===== Data below =====
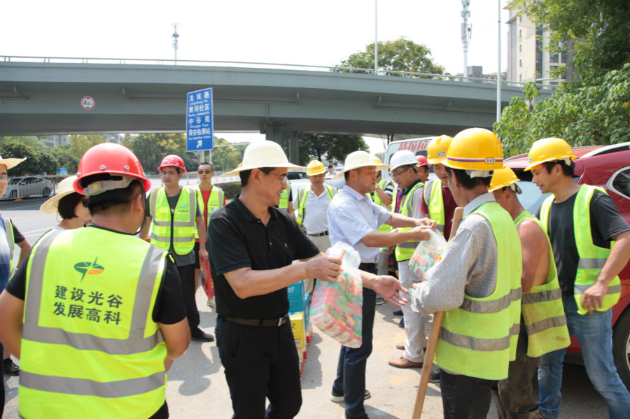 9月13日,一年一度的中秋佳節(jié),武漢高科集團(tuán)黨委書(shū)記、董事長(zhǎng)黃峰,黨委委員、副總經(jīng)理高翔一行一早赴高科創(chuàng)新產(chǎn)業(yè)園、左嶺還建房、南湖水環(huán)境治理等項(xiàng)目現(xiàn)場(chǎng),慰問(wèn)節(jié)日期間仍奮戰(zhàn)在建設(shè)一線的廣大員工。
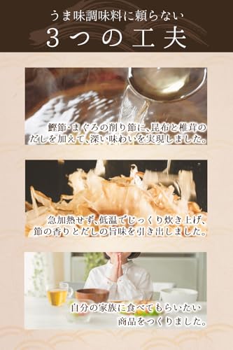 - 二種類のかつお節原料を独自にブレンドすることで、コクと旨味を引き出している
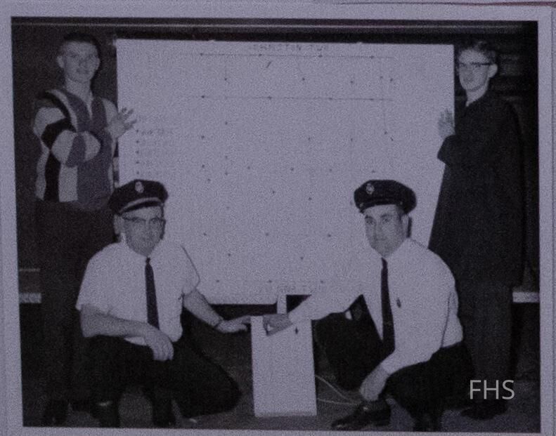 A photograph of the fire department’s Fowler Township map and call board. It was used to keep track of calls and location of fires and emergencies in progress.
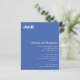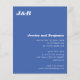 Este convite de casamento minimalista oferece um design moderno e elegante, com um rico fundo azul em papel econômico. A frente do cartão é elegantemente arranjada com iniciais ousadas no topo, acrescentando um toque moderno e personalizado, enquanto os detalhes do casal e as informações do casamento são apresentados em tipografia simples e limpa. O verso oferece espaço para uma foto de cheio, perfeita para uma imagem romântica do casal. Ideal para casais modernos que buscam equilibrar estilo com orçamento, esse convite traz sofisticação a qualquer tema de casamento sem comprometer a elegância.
=====
* _To do_
A verbatim transcription of the listing is expected, with no pictures included.

* _Output of the exercise_
 9月13日,一年一度的中秋佳節(jié),武漢高科集團(tuán)黨委書(shū)記、董事長(zhǎng)黃峰,黨委委員、副總經(jīng)理高翔一行一早赴高科創(chuàng)新產(chǎn)業(yè)園、左嶺還建房、南湖水環(huán)境治理等項(xiàng)目現(xiàn)場(chǎng),慰問(wèn)節(jié)日期間仍奮戰(zhàn)在建設(shè)一線的廣大員工。
 - 二種類のかつお節原料を独自にブレンドすることで、コクと旨味を引き出している
 A photograph of the fire department’s Fowler Township map and call board. It was used to keep track of calls and location of fires and emergencies in progress.
 Este convite de casamento minimalista oferece um design moderno e elegante, com um rico fundo azul em papel econômico. A frente do cartão é elegantemente arranjada com iniciais ousadas no topo, acrescentando um toque moderno e personalizado, enquanto os detalhes do casal e as informações do casamento são apresentados em tipografia simples e limpa. O verso oferece espaço para uma foto de cheio, perfeita para uma imagem romântica do casal. Ideal para casais modernos que buscam equilibrar estilo com orçamento, esse convite traz sofisticação a qualquer tema de casamento sem comprometer a elegância.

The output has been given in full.